A título de exemplo, muitos portugueses terão visto a prestação medíocre do sindicalista Paulo Sucena, sem argumentos no confronto directo com a ministra da Educação, na televisão, e que depois de não saber explicar porque é que recusavam as aulas de substituição, dizia que era preciso criar “uma alma nova” para os professores. Vendo na televisão este Paulo Sucena ou o Sr. Bettencourt Picanço ficamos a perceber o motivo do recuo do movimento sindical em toda a Europa. Eu até gostaria de saber, como se calhar muitos portugueses, qual é o horário de trabalho destes senhores e o que fazem no dia a dia, para tentar perceber porque fazem falta centenas de sindicalistas nalguns sindicatos, que afinal são pagos por todos nós. Será que não haverá um limite de mandatos para estes sindicalistas, como há para outros cargos públicos? Talvez fizesse bem a algumas pessoas voltar a trabalhar, como nós temos de fazer todos os dias. E para evitar mal entendidos com os pseudo-intelectuais habitualmente de serviço, devo dizer que tive na escola, no liceu e na universidade excelentes professores, responsáveis pela formação de uma geração a que pertenço com orgulho, que não dá erros ortográficos, com hábitos de leitura e preocupações culturais que vão de Eça de Queiroz e Fernando Pessoa à poesia de Eugénio de Andrade e aos “Contos da Montanha” de Miguel Torga.

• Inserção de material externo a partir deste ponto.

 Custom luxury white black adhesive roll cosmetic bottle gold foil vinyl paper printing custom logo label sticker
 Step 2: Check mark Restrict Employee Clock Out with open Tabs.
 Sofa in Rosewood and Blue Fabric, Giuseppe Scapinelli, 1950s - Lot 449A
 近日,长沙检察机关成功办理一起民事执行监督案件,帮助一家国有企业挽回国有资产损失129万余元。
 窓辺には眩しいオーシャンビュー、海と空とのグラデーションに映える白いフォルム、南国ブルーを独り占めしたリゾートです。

Hoje falamos com jovens de 17 anos, que não sabem se a Argentina é um país ou um jogador de futebol. E milhentos exemplos que vemos todos os dias, que demonstram claramente que a qualidade de ensino não resistiu às múltiplas e medíocres revisões pedagógicas da autoria daqueles que baixaram o nível de ensino dos alunos e que tanto falam na subida de nível dos professores. Era bom que todos soubéssemos preto no branco, para percebermos o que se passa na escola dos nossos filhos, e para salvaguarda de todos os professores que continuam a prestigiar a sua profissão, como é que se sobe de nível ou escalão e porque motivo todos têm de atingir o patamar da carreira, ao contrário de todas as outras profissões, onde nem todos os militares chegam a Generais, ou os médicos a Chefes de Serviço, entre vários exemplos.
De pouco valem as megalomanias estéreis que a nada conduzem. Já ganhámos os Jogos sem Fronteiras, temos o Benfica no<i> Guiness</i> com 160 000 sócios e vamos ter a maior árvore de Natal da Europa em Lisboa. Continuamos no Portugal dos Pequeninos.

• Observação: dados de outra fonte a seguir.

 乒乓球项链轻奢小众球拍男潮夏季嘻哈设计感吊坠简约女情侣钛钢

Naturalmente que para muitos portugueses que estão no desemprego, para os recém-licenciados que não encontram emprego depois de tantos anos de estudo e sacrifícios, ou para aqueles que são despedidos pelo encerramento de empresas, é difícil perceber que seja de facto a defesa de regalias corporativas o principal motivo das últimas greves. Como já aconteceu em 1975, no chamado período revolucionário, que de revolucionário teve muito pouco, tentam alguns na rua, ainda que sejam uns milhares, sobrepor-se a outros que são muitos mais e que se manifestam de outra maneira nos actos eleitorais.

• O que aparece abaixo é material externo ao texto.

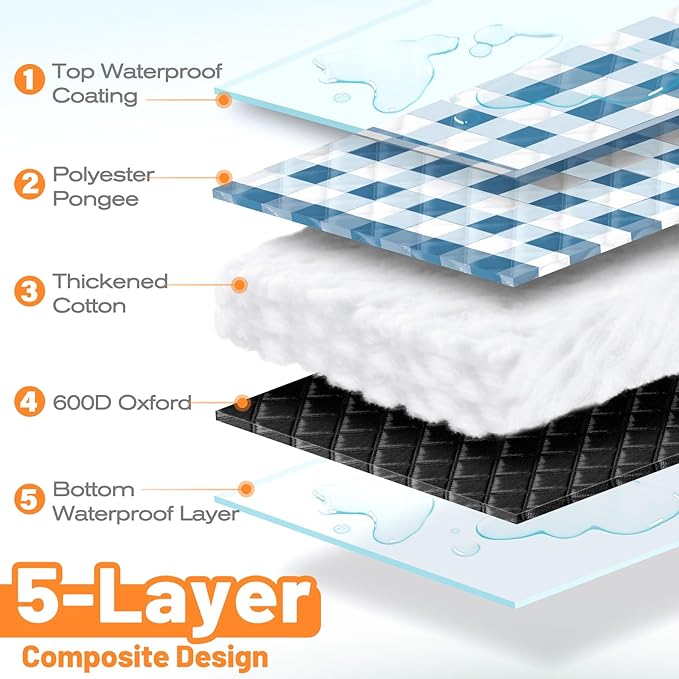- Water & Dirt Resistant: Our camping blanket is made for outdoor conditions. The top layer is water-repellent and stain-resistant. Just shake off drinks, dirt, or sand after use. The waterproof base blocks moisture and insulates against heat or cold from the ground, keeping you dry and comfortable at the park, beach, campsite, or backyard.

É bom que alguns percebam o motivo porque José Sócrates continua a ter maioria absoluta nas sondagens, apesar de todas as medidas restritivas já tomadas. Felizmente nas sondagens e nas eleições participam amostragens aleatórias ou votamos todos. Essa é a pequena diferença.
Portugal só vai deixar a última carruagem do comboio da Europa quando de facto trabalharmos mais e melhor. Quando falarmos menos e melhor. Lutando pelo direito ao trabalho e mantendo o direito à greve. Mas que de greve em greve e de regalia em regalia não percamos de facto o direito ao trabalho.